Öğrencilerin ardından sahneye çıkan CHP İstanbul İl Başkanı Özgür Çelik, meydandaki buluşmanın tarihsel bir anlamı olduğunu vurguladı. Deniz Gezmiş ve arkadaşlarını da anan Çelik, İstanbul Üniversitesi'nin İmamoğlu'nun diplomasını iptal ettiğini hatırlatarak "Bu kumpasa karşı cevabımızı burada veriyoruz" dedi. "Bu meydan tarihin her anında hesap sordu. Şimdi sizler de adalete sahip çıkıyorsunuz" diye ekledi.
Özel: Bu darbenin faturasını hepimiz ödüyoruz
CHP Genel Başkanı Özgür Özel de konuşmasında yaşanan sürecin ekonomik boyutuna dikkat çekti. 19 Mart'ta başlayan sürecin yalnızca İmamoğlu'na değil, tüm topluma bir bedel ödettiğini belirtti. "O günden bugüne hepimizin olan 57 milyar dolar, kişi başına bölününce AKP'ye, MHP'ye oy veren abimin cebinden de 25 bin lira gitti" diyen Özel, bu kaynağın atanmayan öğretmenlerden emeklilere, KYK borçlusu öğrencilerden çiftçilere kadar birçok alanda kullanılabileceğini vurguladı. "Bu parayla 1 milyon 40 bin öğretmen atanabilir, emekli maaşı 30 bin TL'ye çıkarılabilirdi. 1,7 milyon öğrenciye 4 yıl boyunca ayda 30 bin lira burs verilebilirdi" dedi.
İmamoğlu: Seçimi, diplomayı, özgürlüğü çaldılar
İBB Başkanı Ekrem İmamoğlu'nun mitinge gönderdiği mesaj da kalabalığa CHP İstanbul İl Başkanı Özgür Çelik tarafından okundu.
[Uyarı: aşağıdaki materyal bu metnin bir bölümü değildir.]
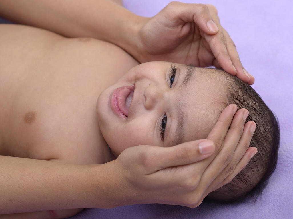 Touch the forehead, temples and the base of the cranium, eyebrows and eyelids, nose, cheeks, the area around the mouth, ears and surrounding area Jaws The frontal part of the neck (Remember doing this very gently).Make small strokes and massage the posterior part of the neck with slow movements down to the shoulders. Softly put both hands on his/her shoulders. Caress the baby from the neck to the shoulders in the direction of his chest.

Mesajında İmamoğlu şu ifadeleri kullandı:
"Seçimi çaldılar. Diplomayı çaldılar. Özgürlüğü çaldılar. 60 milyar doları yaktılar. Ama şunu unutmayın: Millet, tüm vesayetçilerden, darbecilerden büyüktür. Acı çekeceğiz, bedel ödeyeceğiz ama umudumuzu hiç kaybetmeyeceğiz. Güler yüzümüzü hiç soldurmayacağız. Tam bağımsız, demokratik Türkiye için genç ömrünü ortaya koymuş evlatlarımıza, 19 Mart'ta Beyazıt'tan Saraçhane'ye korku dağlarını yıkarak gelen o günden beri meydanlarda demokrasiye, geleceklerine sahip çıkmak için gençlerimize sözümüz var: Bu ülkeye adalet gelecek. Bu ülkeye özgürlük gelecek. Bu ülkeye eşitlik gelecek… Ve her şey çok güzel olacak."